When Hurricane Katrina slammed into the Gulf shore on Aug 29, 2005, spreading devastation from New Orleans to Mobile Bay, AL, a newly constructed Millard Refrigerated Services cold storage facility withstood the onslaught.
The force of Katrina's winds set records, but the Millard facility -- part of its nationwide chain of cold storage DCs -- was ready for it with reinforced wall and ceiling construction bolstered by other heavy-duty features, including doors from TKO Dock Doors. (The force of the storm surge pushed this 100 ft barge on shore.)
Located just 100 ft from the edge of a wharf on Mobile Bay, the facility handles massive quantities of product, which passes through 8 x 12 ft ground-level doors to ships moored at the dock. Without proper support, the panels of these large doors could sail away in a severe storm, leaving the inside of the facility exposed.
Since hurricanes frequently hit this region, Millard contacted TKO Dock Doors®. In addition to the wharf doors, the facility also includes a line of dock doors on the east side, a couple of railroad doorways, and several ground-level service doors at various locations around the building. (Truck traffic is served by this wall of TKO CruiserWeight dock doors.)
TKO Doors are known for their ability to knockout out of their guide tracks when hit by a forklift or other vehicles, saving facilities thousands of dollars in repair costs and many hours of downtime. The standard TKO door and track design gives these doors their knockout capability. A patented spring-loaded ¾ in. diameter steel plunger glides within the grooved heavy-duty UHMW polyethylene door track. When the door is hit, the plunger slides while it retracts, allowing the door to knock out of the track, absorbing the force of the blow and avoiding breaking the panel. A quick pull sets the door back into place.
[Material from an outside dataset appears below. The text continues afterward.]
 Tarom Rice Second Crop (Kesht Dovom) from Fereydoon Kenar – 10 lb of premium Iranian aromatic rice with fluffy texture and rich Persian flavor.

However, in this case Millard, who has been using TKO doors since 1998, was looking for a door that could not be blown in. TKO specified its heavy-duty CruiserWeight® knockout door for the Mobile location. In high wind conditions, considerable stress bears down on the panels, transmitting force to the fasteners that hold the door guides and to the guide track.
TKO's substantial CruiserWeight is strengthened with the TKO Windload Package, a tested and now proven design that allows the door to resist winds up to 120 mph. Normally each door panel has a spring-loaded plunger on either side. With the windload package, the top two panels have rigid plungers on each side for extra strength. The spring-loaded plungers are on the bottom three panels where most of the door impacts occur. TKO attaches slide locks to each side of the three lower panels. (Six slide locks secure each TKO dock door, as shown here.)
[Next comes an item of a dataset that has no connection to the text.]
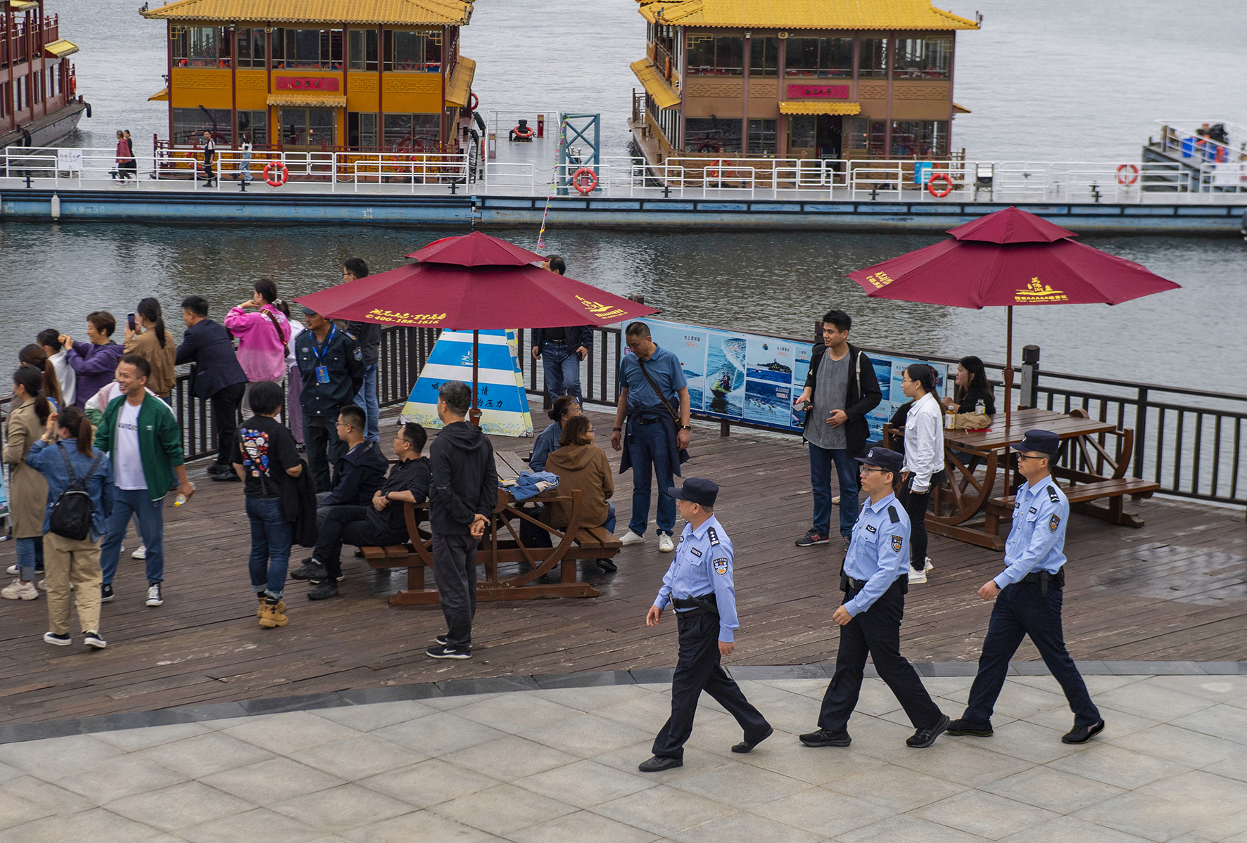 10月5日,山東省棗莊市公安局山亭分局馮卯派出所民輔警在巖馬湖畔開展巡邏防控,提醒小朋友注意安全。

To further brace the door a ¾ in. steel plate covers the hinges. The locks and guide mechanism are attached to that plate. The standard TKO 22 ft x 6 in. window is replaced by a 4 in. diameter porthole window, which has been tested to withstand impact from projectiles.
The panels, as well, are very rugged. TKO constructs the CruiserWeight panels with 1/8 in. thick fiberglass FRP facing on the outside and 1/8 in. thick polyethylene facing on the inside. Though the original intention on all brands of impact dock doors is to have a crash-resistant inside panel, TKO offers an outside panel that can withstand the impact from a truck as it backs up, or being clipped by a forklift mast as it emerges from the trailer onto the dock. Therefore the panel can stand up to whatever the storm throws at it. The facing attaches to a composite fiberglass tubular frame. Standard versions have a double-hinged system for durability and strength.
All of this adds up to a door that will protect the product stored inside the facility, despite the abuse of a storm such as Katrina. The TKO CruiserWeight will not only remain standing but can maintain a seal to hold temperature within the dock area for a long period of time. Once the operation is back in business, the door can more than handle the everyday pounding of forklifts.